Il soupira. Quel piètre mari il avait été…

Il tira un tapis sur la tache pour la cacher. Babil était déjà trop perturber par la mort brutale de sa mère, il ne comptait pas le troubler davantage en lui affichant son sang sous le bec.

Il aurait dû se douter que l'histoire se finirait comme ça, pourtant. Elle ne pouvait pas bien finir.

_ Tu as vraiment l'air abattu, Teba.

Le Piaf se retourna et regarda Harfor entrer.

_ Dézelle a été tuée, une dizaine de nos meilleurs guerriers sont morts, le village est dans un piteux état… Je ne vois pas pourquoi j'aurais l'air autre chose qu'abattu.

_ Mouais, tu n'as pas tord…

Harfor avança vers son ami et se laissa tomber sur un tabouret.

_ Toi par contre, tu as l'air… en forme.

_ Un Yiga m'a attaqué. Il lui manquait un bras, et pourtant c'était un adversaire redoutable. Asahi m'a dit qu'il ne tenait qu'à moi de prendre ma retraite en déprimant sur ce que j'ai perdu, ou alors d'avancer en en faisant une force. Elle avait raison…

_ Elle t'a dit ça ?

_ Etonnante, cette humaine.

_ Etonnante, pas tellement. Elle est prévisible, c'est une Yiga. Elle réagit comme une Yiga. Ce qui la gêne doit être éliminé, ce qui la blesse doit être éliminé… En fait, elle élimine vraiment tout ce qui pourrait lui poser un problème, sans chercher plus loin. Comme elle l'a fait avec Dézelle.

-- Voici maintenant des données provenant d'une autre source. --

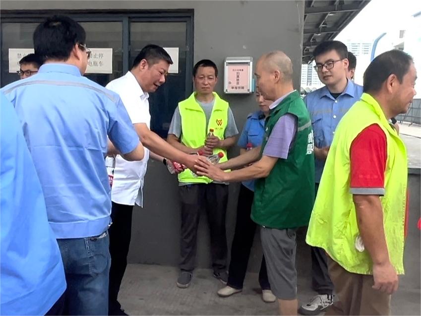 正值“中伏”前后,酷暑难挡,合家康公司一线工作人员依然坚守岗位,辛勤工作。2024年7月26日下午,百大集团党委副书记、董事赵伟一行赴百大合家康作业现场,为

Harfor observa son ami avec attention. Teba avait la tête basse, les plumes ternes. Il était fatigué, et pas seulement à cause des travaux de reconstruction. Il livrait une bataille féroce à l'intérieur de lui, il le voyait.

Harfor n'aimait pas ça, pas plus que ce qu'il allait dire. Mais Teba était son ami depuis si longtemps, il lui devait bien la vérité, et tant pis si cela le dérangeait.

_ Teba, je dois te dire quelque chose.

Son ami tourna la tête vers lui et le scruta attentivement.

_ Quoi donc ?

_ Ce n'est pas Asahi qui a tué Dézelle.